Luckily, my forays into the new media world help keep the family on the
brink of bankruptcy cutting edge. While not yet as popular as tampon arts and crafts or kittens, as one of the Internet's most popular grammatically correct useful Websites, Suburban Kamikaze is inundated with offers of dental floss and laundry additives. Which, when you think about the enormous amount of laundry produced in this house, is almost like money!
And speaking of laundry,
who keeps putting clean towels into the dirty pile? Do you think I have nothing better to do all day but rewash your f*&%ing laundry? I swear to god I am going to make another empty threat here the children are growing like bougainvillea and continue to astound us with their cost of upkeep accomplishments.
The boy, who built a working violin from scratch for a middle school project, has only recently learned to make toast at home, but it was a milestone nonetheless.

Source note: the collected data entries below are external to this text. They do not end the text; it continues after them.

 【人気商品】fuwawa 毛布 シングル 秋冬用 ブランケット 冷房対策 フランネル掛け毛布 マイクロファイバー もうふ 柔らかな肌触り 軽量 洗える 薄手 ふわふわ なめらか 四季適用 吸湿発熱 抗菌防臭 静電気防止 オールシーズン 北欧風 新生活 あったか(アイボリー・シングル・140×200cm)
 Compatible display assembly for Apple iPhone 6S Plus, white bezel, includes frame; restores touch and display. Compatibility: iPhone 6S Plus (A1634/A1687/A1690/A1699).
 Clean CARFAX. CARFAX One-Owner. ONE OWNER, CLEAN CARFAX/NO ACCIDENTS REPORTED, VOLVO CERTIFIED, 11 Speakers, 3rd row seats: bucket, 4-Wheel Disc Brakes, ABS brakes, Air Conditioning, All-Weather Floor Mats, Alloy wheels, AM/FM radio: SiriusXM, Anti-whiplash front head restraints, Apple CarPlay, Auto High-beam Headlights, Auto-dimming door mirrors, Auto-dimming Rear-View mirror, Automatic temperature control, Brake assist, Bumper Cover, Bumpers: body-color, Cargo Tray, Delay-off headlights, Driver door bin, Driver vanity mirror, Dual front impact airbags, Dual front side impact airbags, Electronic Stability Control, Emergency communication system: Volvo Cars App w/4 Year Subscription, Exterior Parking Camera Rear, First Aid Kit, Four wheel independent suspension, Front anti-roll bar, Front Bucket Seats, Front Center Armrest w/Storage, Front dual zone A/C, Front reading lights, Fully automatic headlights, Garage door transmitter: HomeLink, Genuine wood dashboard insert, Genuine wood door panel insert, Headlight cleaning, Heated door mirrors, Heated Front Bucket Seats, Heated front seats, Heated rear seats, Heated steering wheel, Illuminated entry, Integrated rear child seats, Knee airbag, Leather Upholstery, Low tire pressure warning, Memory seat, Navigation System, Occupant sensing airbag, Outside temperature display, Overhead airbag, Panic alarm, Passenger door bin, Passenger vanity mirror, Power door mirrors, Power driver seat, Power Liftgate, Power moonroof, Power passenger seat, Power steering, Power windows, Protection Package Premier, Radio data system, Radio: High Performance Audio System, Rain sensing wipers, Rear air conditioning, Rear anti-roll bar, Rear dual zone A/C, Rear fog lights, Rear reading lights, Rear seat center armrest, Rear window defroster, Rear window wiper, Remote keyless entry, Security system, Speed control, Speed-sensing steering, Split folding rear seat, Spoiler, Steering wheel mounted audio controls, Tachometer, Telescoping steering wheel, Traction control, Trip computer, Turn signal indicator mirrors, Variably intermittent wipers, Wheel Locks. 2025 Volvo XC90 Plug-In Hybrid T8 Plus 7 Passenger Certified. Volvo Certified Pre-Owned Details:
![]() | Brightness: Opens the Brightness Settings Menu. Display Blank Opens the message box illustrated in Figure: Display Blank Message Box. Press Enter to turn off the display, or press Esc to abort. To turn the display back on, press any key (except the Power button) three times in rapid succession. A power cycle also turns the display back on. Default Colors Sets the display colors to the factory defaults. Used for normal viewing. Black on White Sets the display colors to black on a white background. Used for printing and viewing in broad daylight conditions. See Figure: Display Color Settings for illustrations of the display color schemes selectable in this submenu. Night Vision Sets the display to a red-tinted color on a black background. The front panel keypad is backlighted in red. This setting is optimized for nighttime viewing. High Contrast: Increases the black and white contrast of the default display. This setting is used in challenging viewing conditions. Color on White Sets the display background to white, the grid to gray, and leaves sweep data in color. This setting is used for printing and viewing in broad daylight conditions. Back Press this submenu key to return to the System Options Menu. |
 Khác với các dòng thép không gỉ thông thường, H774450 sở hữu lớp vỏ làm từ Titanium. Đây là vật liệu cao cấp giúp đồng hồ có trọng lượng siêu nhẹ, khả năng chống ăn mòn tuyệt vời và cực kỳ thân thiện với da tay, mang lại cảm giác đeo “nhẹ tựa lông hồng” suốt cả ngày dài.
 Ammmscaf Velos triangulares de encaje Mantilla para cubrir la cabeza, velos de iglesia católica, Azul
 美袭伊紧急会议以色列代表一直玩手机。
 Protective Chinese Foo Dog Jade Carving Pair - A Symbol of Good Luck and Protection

The girl, on the other hand, has learned to make crepes and creme brulée, but still believes her brother is going to pay her the $5 he promised for "showing him" how to make toast and scrambled eggs. Four times.
Meanwhile, we continue to adjust to the Midwestern "lifestyle," where the people are so wholesome and uncomplaining that they do not even seem to notice that winter lasts for nine months and the food is terrible. Believe me, if you tried to serve that stuff up at a party in Miami, you would be finding sausages and white bread in the bookshelves for months! (I am just kidding, of course. I had a lovely time.)
Anyway, my point is this: Nobody is ever going to change the empty roll of toilet paper so you might as well do it yourself. Your clever little pyramid of empty rolls on the ledge? It could be 15-feet high, but the point is lost on them. Which is the same thing as having no point at all.